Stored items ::
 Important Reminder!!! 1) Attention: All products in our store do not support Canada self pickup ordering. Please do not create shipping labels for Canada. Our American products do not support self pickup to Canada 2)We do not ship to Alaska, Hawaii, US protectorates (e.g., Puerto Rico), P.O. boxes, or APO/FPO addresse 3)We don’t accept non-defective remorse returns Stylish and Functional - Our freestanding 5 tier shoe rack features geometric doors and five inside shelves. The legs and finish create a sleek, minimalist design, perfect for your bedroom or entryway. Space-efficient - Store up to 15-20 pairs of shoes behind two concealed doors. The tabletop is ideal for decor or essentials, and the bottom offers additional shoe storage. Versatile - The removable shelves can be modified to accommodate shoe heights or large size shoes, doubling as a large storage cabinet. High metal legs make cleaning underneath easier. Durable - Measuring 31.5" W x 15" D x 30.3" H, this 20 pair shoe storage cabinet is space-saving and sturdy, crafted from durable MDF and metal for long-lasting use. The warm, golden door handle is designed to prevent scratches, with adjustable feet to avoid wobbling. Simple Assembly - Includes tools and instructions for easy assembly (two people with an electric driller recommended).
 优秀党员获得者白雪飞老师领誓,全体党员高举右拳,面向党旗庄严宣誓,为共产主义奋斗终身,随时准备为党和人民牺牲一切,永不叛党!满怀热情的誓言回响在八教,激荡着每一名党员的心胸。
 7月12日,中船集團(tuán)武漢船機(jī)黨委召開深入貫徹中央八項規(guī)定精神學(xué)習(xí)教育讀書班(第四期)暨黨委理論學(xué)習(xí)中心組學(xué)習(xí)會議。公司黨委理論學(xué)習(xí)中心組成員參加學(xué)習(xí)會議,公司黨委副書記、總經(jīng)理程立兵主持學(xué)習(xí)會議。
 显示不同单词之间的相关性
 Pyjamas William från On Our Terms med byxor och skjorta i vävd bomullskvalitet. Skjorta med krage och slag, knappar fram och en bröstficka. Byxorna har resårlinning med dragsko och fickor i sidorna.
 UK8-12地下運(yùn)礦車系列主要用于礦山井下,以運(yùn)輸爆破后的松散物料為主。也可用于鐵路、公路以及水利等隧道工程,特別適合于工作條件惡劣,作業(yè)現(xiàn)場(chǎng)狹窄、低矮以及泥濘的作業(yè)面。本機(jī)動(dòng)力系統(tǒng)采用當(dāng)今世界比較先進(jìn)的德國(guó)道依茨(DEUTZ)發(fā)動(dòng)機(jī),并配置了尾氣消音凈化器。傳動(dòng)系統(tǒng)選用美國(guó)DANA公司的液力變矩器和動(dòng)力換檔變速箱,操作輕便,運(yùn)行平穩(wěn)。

ASSIGNMENT ::
Return only the part of the records above that opens with the line containing "7月12日,中船集團(tuá" and closes with the line containing "Pyjamas William från", ends included.

OUTPUT OF THE EXERCISE ::
 7月12日,中船集團(tuán)武漢船機(jī)黨委召開深入貫徹中央八項規(guī)定精神學(xué)習(xí)教育讀書班(第四期)暨黨委理論學(xué)習(xí)中心組學(xué)習(xí)會議。公司黨委理論學(xué)習(xí)中心組成員參加學(xué)習(xí)會議,公司黨委副書記、總經(jīng)理程立兵主持學(xué)習(xí)會議。
 显示不同单词之间的相关性
 Pyjamas William från On Our Terms med byxor och skjorta i vävd bomullskvalitet. Skjorta med krage och slag, knappar fram och en bröstficka. Byxorna har resårlinning med dragsko och fickor i sidorna.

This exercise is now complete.